■ Data shown ■
•••••

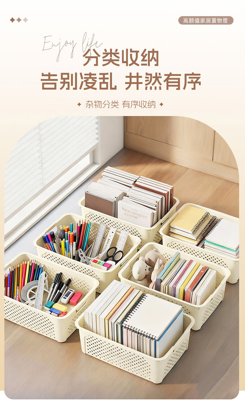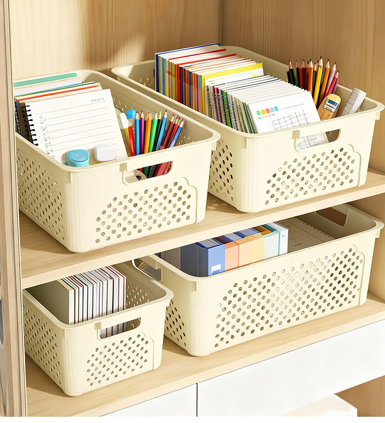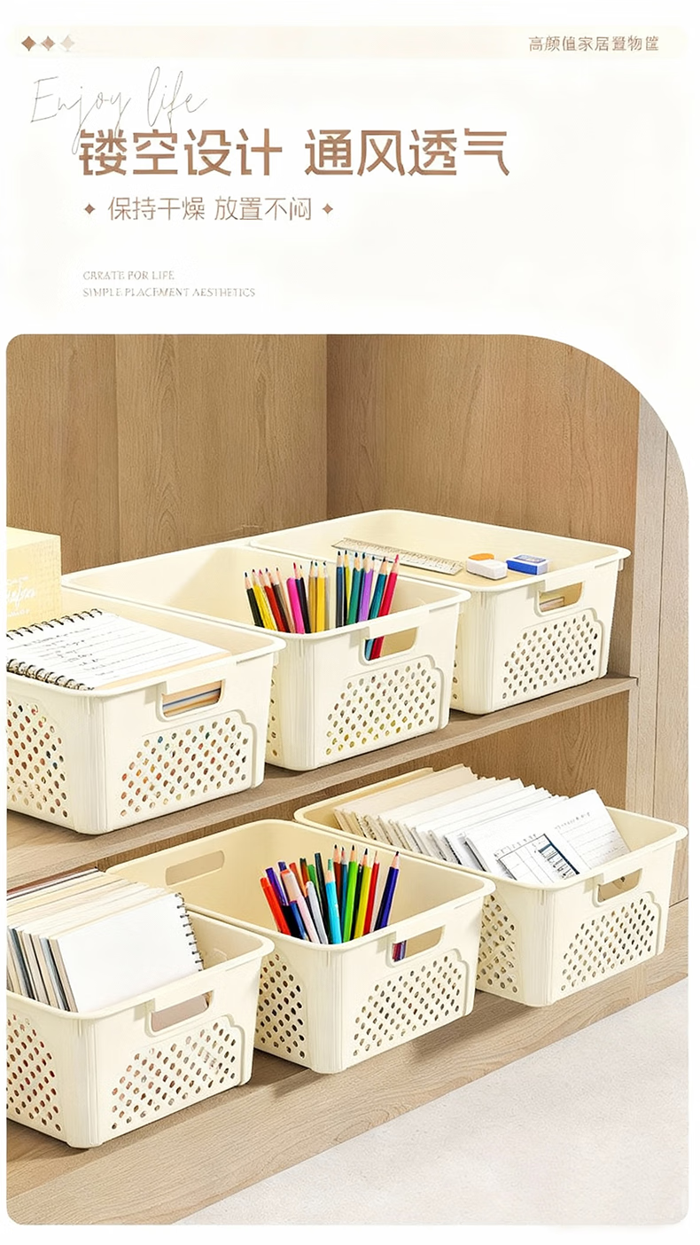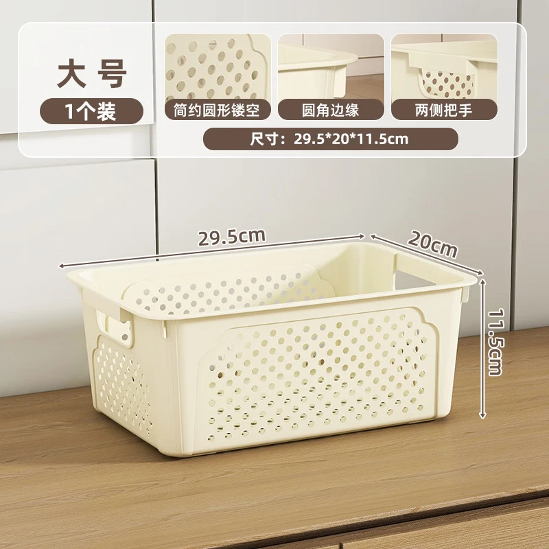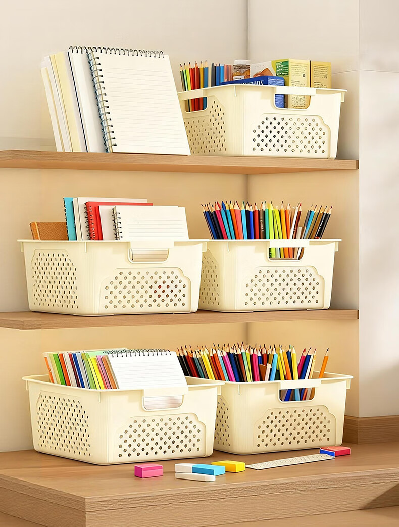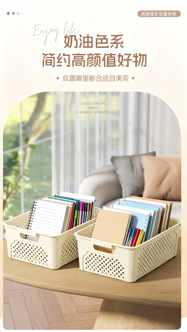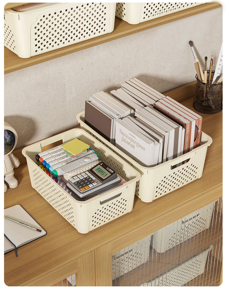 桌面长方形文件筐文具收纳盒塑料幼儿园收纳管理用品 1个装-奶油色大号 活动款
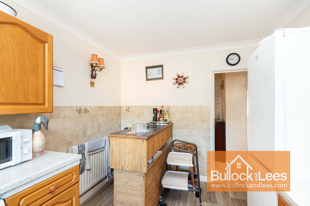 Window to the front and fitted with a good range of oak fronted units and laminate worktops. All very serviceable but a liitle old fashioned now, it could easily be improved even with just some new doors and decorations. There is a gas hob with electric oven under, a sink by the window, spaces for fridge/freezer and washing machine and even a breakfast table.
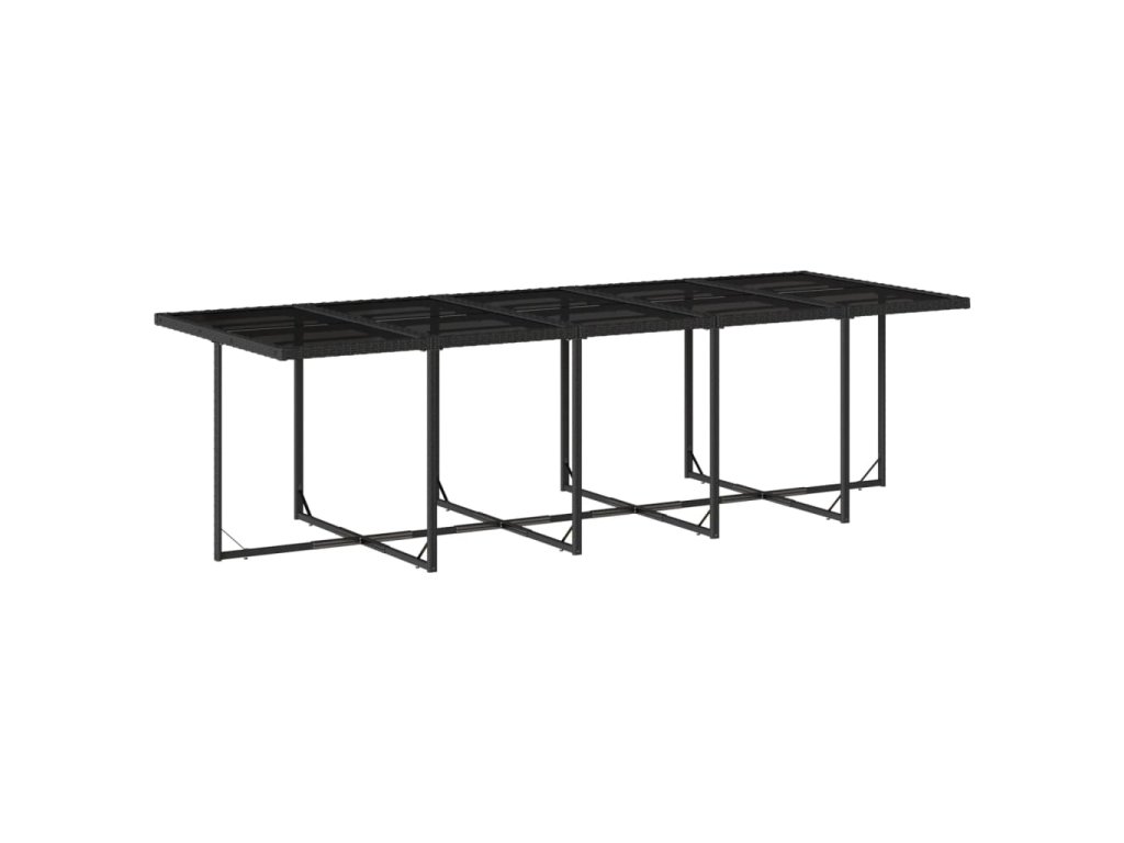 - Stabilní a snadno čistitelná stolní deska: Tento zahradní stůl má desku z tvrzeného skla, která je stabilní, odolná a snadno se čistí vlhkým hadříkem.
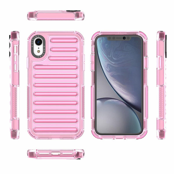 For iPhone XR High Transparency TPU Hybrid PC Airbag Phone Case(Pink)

•••••

■ Exercise brief ■
Word for word, return the material above; the pictures stay out.

■ Reply to the task ■
 桌面长方形文件筐文具收纳盒塑料幼儿园收纳管理用品 1个装-奶油色大号 活动款
 Window to the front and fitted with a good range of oak fronted units and laminate worktops. All very serviceable but a liitle old fashioned now, it could easily be improved even with just some new doors and decorations. There is a gas hob with electric oven under, a sink by the window, spaces for fridge/freezer and washing machine and even a breakfast table.
 - Stabilní a snadno čistitelná stolní deska: Tento zahradní stůl má desku z tvrzeného skla, která je stabilní, odolná a snadno se čistí vlhkým hadříkem.
 For iPhone XR High Transparency TPU Hybrid PC Airbag Phone Case(Pink)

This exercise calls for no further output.